Various clichés abound in the investing world. While many are gross oversimplifications of dynamic complexity in behavioral finance, some of them are timeless pieces of wisdom. Included in this latter half is the famous recommendation by Baron Rothschild to “buy when there is blood in the streets.”
This strategy is never cut-and-dry however. Calling bottoms can be a dangerous game—referred to among traders as trying to catch a falling knife.
Different metrics exist to quantify swings in market sentiment. Momentum indicators are one way to model this. The implications of momentum indicators are multifold.
- That both in terms of buying and selling trends, human behavior is hyperactive and tends to overshoot the mark in both directions (an expression of hive mind collectivity, and swarm behavior).
- The price of any asset tends to diverge over time, at least transiently, from these extreme market conditions.
- Counter-trend movement in price is known as a correction, or in fibonacci trading lingo, a “retracement.”
Using larger time frames in the technical analysis of these probable corrections tend to provide the best insight with the least risk for error.
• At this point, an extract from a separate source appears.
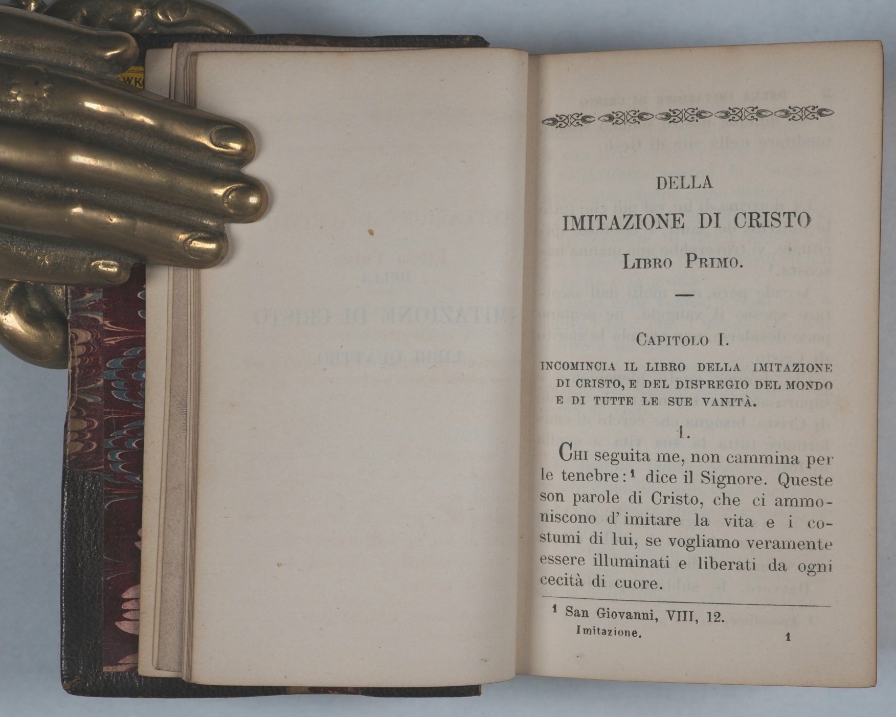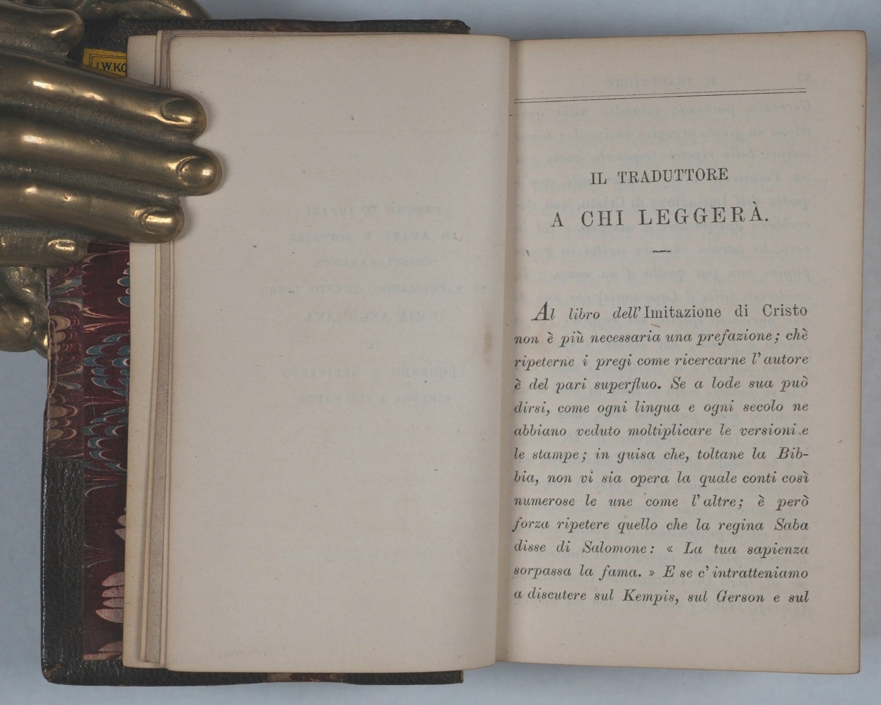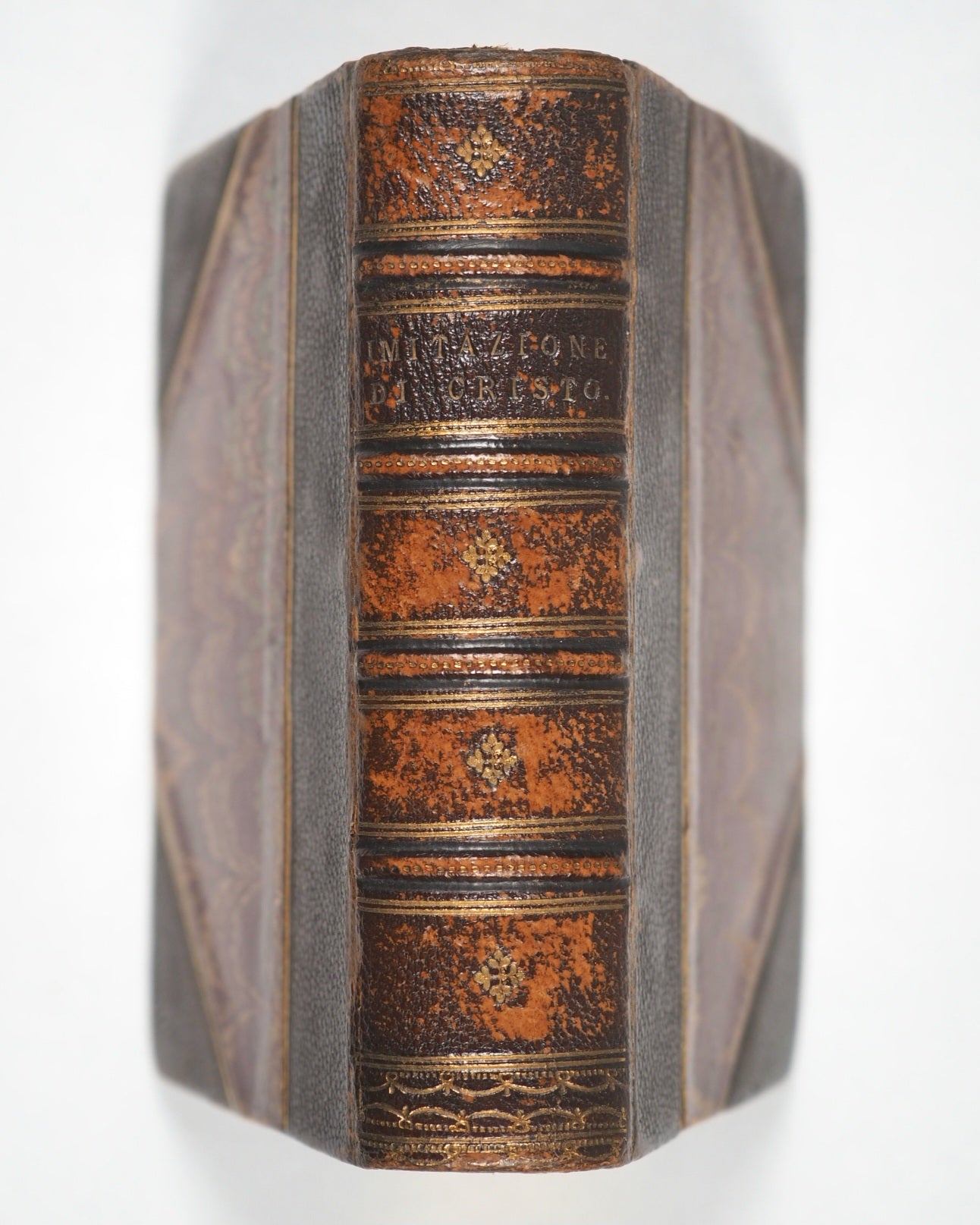 First edition thus. xi, 506 printed pages. Frontispiece. Mild age-toning. All edges gilt. Original marbled emdpapers. Bookseller's label on front free endpaper for J.W.Kolckmann, 'Foreign Library', 2 Langham Place. W. London. 58 x 96 mm. (page size). Contemporary half brown morocco; spine with raised bands, burgundy label with gilt block titling. A little rubbed. Not in Bondy, nor Spielmann, nor Welsh. For second edition see OCLC,  820737762 (one copy located - British Library). WorldCat locates no copies of 1st edition worldwide. Barbèra was a prestigious publisher known for high-quality editions of both classical and contemporary works. Published in 1866, this edition reflects the cultural and religious landscape of post-unification Italy, where classic spiritual texts were being brought into modern, refined language. The Imitation of Christ has continued to influence Christian spirituality for centuries.

Three separate momentum indicators (Relative Strength Index, William’s %R, and Stochastics) currently confirm an increase in recent fear, and suggest an upswing is possibly coming soon to compensate.
Technical evidence of fear and blood (click for full size):
Chart by Brandon Chase
These insights are confirmed by all the negative chatter about bitcoin’s price drop and worries about its utility and fundamentals.
In the near future, it will be possible to data mine social media for changes in the frequency / density of such emotion-ladden keywords in real time. Certain software and scripts exist currently that attempt to model this sentiment to generate buy and sell points, but ultimately they fall short.
A quick look at last week’s news shows us where we’re at intuitively.
Evidence in the media of fear and blood:
Bitcoin’s New Year’s price plunge (Pymnts)
There is an amusing site about this doomsday bandwagon effect, aptly named “Bitcoin Obituaries” – which observes, tongue-in-cheek, that bitcoin has died approximately 25 times. Of course, we have always had the last laugh.
Interpreting market sentiment is tricky business, and there are never any gaurentees. With that said, given the correlation between recent fearmongering in media outlets and a sharply declining price, bitcoin is flashing a buy signal for smart, long-term investors.
If historical performance is indicative of future performance (a presumption necessary for any investment) and bitcoin’s antifragility continues unabated, then this long bear market and sell-off is about to end as we see a significant rebound in price action over the coming months.
As Daniel Krawisz wrote so succinctly back in November: “Don’t Panic.”